**WHAT YOU ARE ASKED TO DO**.
Restate, word for word, the run of lines that starts at the line containing "JAHVERY【轻奢定制】凝胶枕头颈椎枕护颈枕成人睡觉助睡眠专用记忆棉枕芯 云端凝胶-石榴红凝胶枕 68*40*10/12cm" and ends with the final line of the listing. Leave pictures out.

**PROVIDED MATERIAL**.

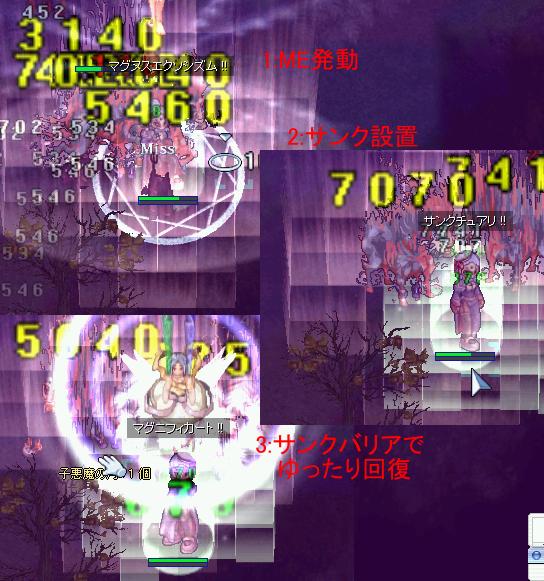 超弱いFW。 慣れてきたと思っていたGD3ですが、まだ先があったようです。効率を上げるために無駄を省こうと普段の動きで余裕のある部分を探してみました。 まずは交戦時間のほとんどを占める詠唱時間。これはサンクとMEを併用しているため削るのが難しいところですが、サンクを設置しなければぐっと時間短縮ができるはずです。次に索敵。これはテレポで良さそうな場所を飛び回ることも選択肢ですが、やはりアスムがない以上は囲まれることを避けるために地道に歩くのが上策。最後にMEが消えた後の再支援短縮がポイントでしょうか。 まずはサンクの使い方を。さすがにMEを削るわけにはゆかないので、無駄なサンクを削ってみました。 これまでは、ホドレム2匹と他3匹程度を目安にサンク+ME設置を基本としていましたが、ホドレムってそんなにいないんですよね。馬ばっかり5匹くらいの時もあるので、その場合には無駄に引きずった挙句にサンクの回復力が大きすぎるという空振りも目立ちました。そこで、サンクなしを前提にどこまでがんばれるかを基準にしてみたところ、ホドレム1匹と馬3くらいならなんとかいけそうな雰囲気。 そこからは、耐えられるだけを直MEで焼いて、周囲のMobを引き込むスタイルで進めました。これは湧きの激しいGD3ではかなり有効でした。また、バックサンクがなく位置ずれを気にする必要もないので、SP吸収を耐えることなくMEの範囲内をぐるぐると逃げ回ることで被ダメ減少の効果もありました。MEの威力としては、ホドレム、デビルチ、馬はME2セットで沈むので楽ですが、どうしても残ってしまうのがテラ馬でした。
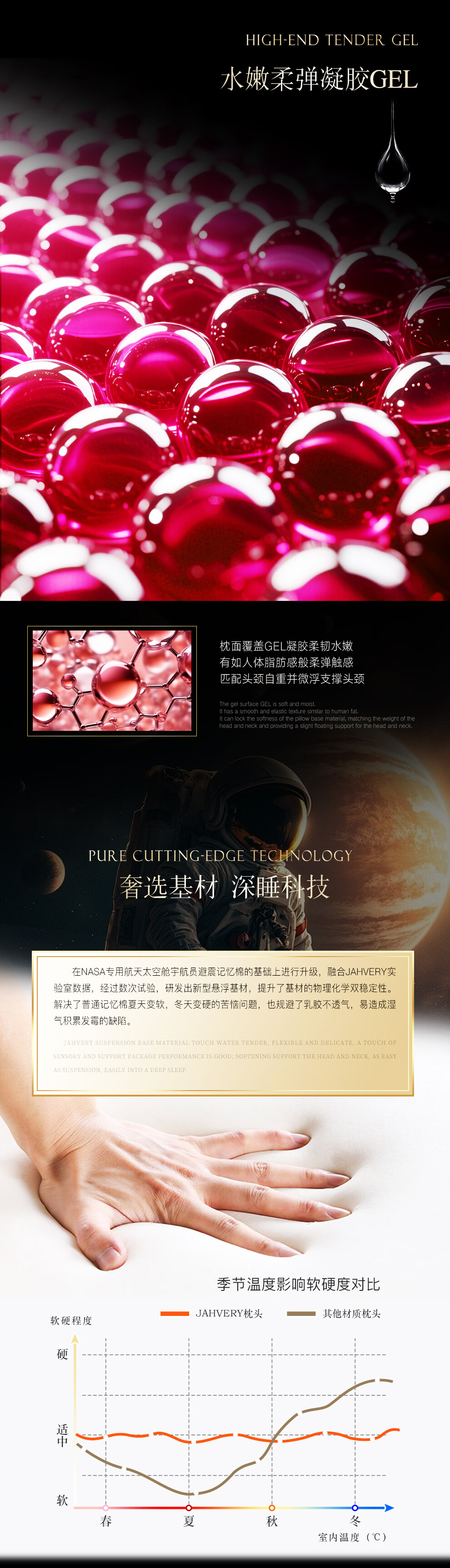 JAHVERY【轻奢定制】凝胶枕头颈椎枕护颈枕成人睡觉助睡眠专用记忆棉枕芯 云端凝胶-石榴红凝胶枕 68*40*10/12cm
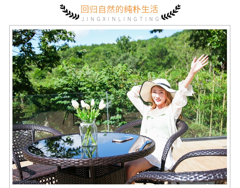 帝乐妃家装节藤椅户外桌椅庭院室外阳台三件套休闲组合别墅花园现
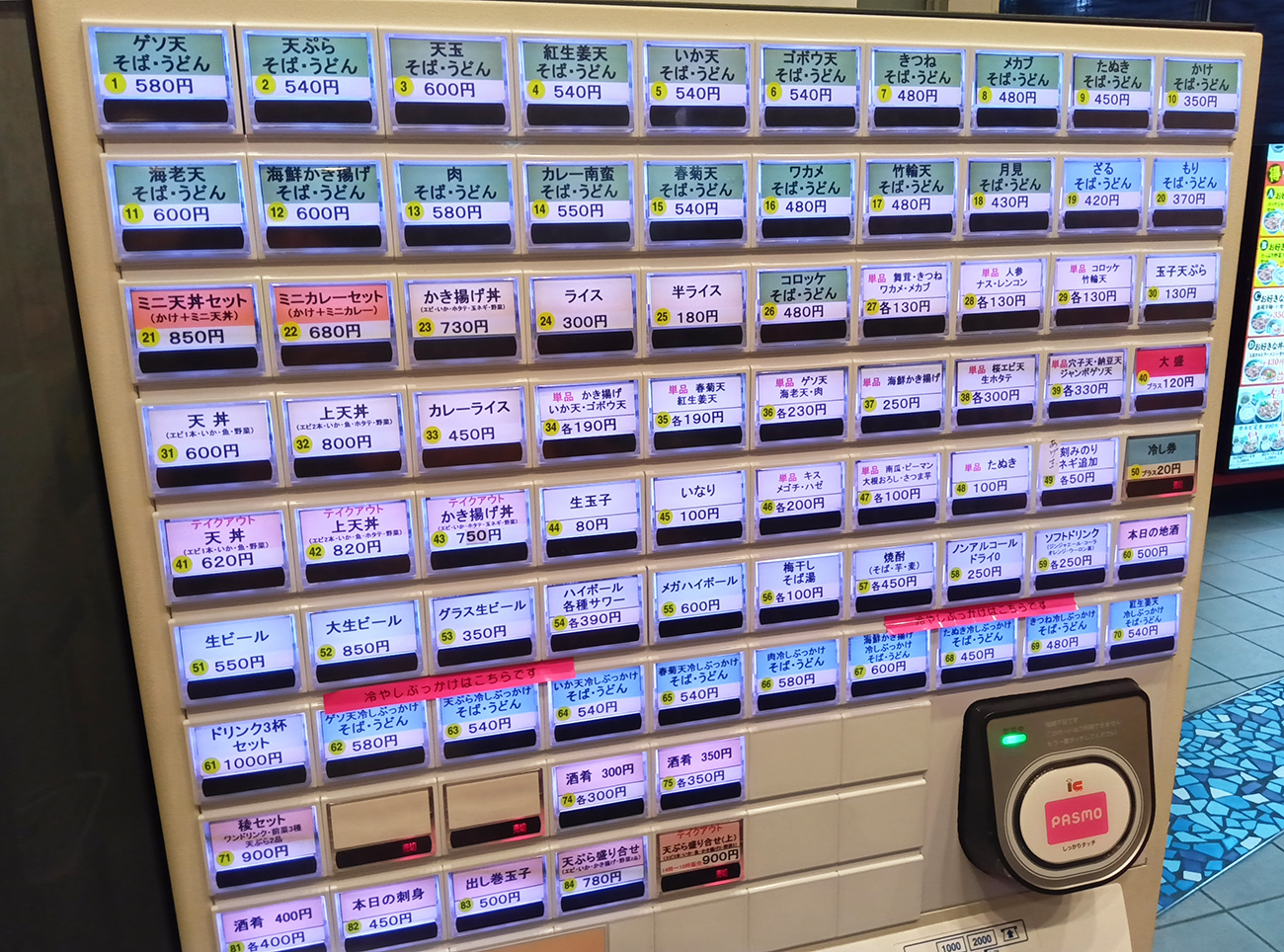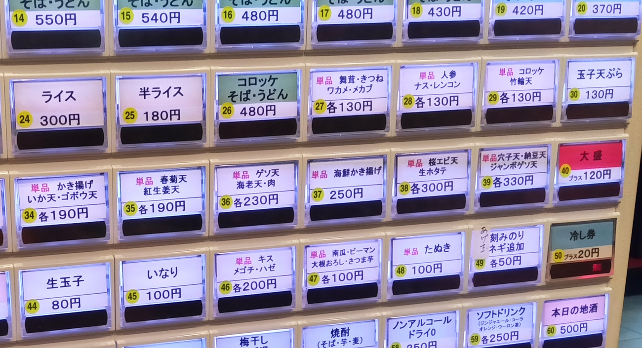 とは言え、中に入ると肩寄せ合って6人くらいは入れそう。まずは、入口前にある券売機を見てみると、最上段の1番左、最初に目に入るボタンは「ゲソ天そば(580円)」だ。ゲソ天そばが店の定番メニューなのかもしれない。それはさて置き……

**YOUR SOLUTION**.
 JAHVERY【轻奢定制】凝胶枕头颈椎枕护颈枕成人睡觉助睡眠专用记忆棉枕芯 云端凝胶-石榴红凝胶枕 68*40*10/12cm
 帝乐妃家装节藤椅户外桌椅庭院室外阳台三件套休闲组合别墅花园现
 とは言え、中に入ると肩寄せ合って6人くらいは入れそう。まずは、入口前にある券売機を見てみると、最上段の1番左、最初に目に入るボタンは「ゲソ天そば(580円)」だ。ゲソ天そばが店の定番メニューなのかもしれない。それはさて置き……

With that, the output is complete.